In 2005, founder of cable giant Adelphia Communications, John Rigas, along with two of his sons who served as CFO and EVP of the company were sentenced to prison terms for a list of crimes related to internal corruption. The company, one of the largest cable providers in the nation, was delisted from the NASDAQ in 2002, forced to file bankruptcy, and eventually sell off all its assets to competitors (Wikipedia, 2011). The fraud at Adelphia was largely perpetrated by members of the Rigas family, who held a majority of Adelphia's voting stock. Over the course of three years, the Rigas family concealed $2.6 billion in debt, falsified earnings, and operational statistics to keep the stock price high, inflated revenues through bogus transactions, and used $241 million to pay personal expenses (Johnson & Rudolph, 2007). The family was able to do this in a myriad of ways, from comingling personal and company accounts, creating separate entities to shield debt, and allowing personal loans on company credit (, 2011). The scandal that brought down Adelphia was the result of personal greed, but was enabled by fraudulent accounting practices, poor internal controls, and a lack of proper auditor review (Johnson & Rudolph, 2007).

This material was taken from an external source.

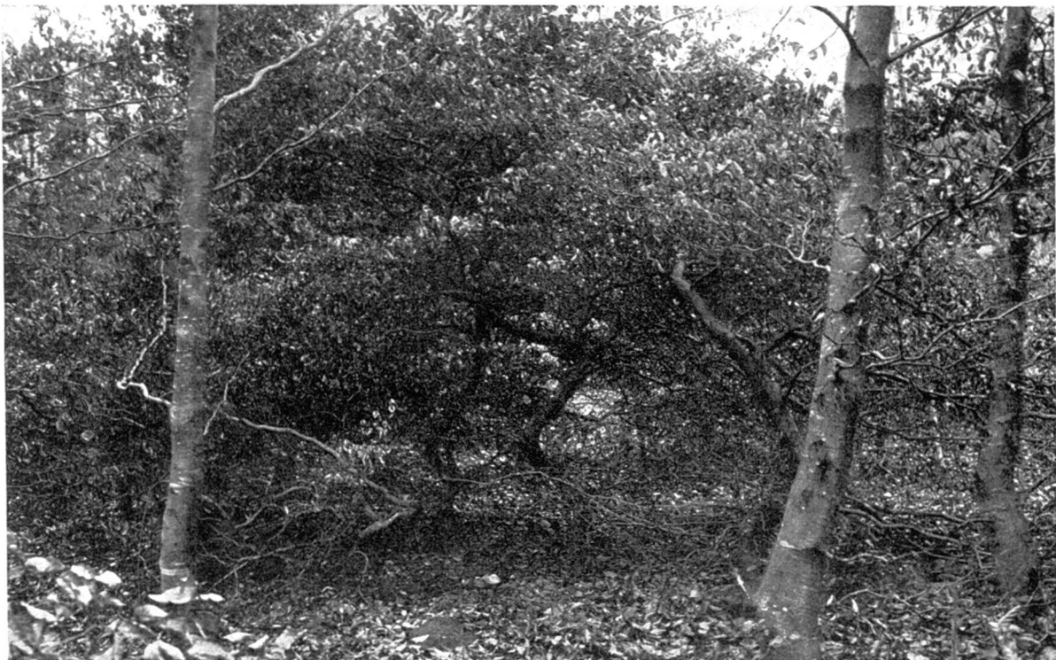
Bild 3. Achtjährige Nachkommen: links von einer Hängebuche aus Dänemark, rechts von schönen Buchen vom Degenried bei Zürich.

The company's Cash Management System (CMS) which held cash for Adelphia, all of its subsidiaries, and additional non-cable related entities owned by the Rigas family was critical to the success of this fraud and central to the duplicitous accounting scheme. Too many individuals had access to this account to withdraw money, and the complexity of one account holding cash for almost 50 entities aided the Rigas family in hiding debt and unapproved withdrawals (Johnson & Rudolph, 2007). In addition, critical internal controls which could have prevented this cash management deception were absent at Adelphia, leading to the conclusion that poor corporate governance led to this lack of oversight (McLean & Elkind). Remarkably, five of Adelphia's nine board members were part of the Rigas family. While not illegal, this can be a conflict of interest. Lastly, even with the falsified accounting data and mismanagement, the firm's auditor, Deloitte & Touche, should have discovered the hidden debt and falsified earnings. The SEC maintained that "Deloitte was not deceived in this case" and further that "Deloitte just didn't do its job" (SEC, 2005).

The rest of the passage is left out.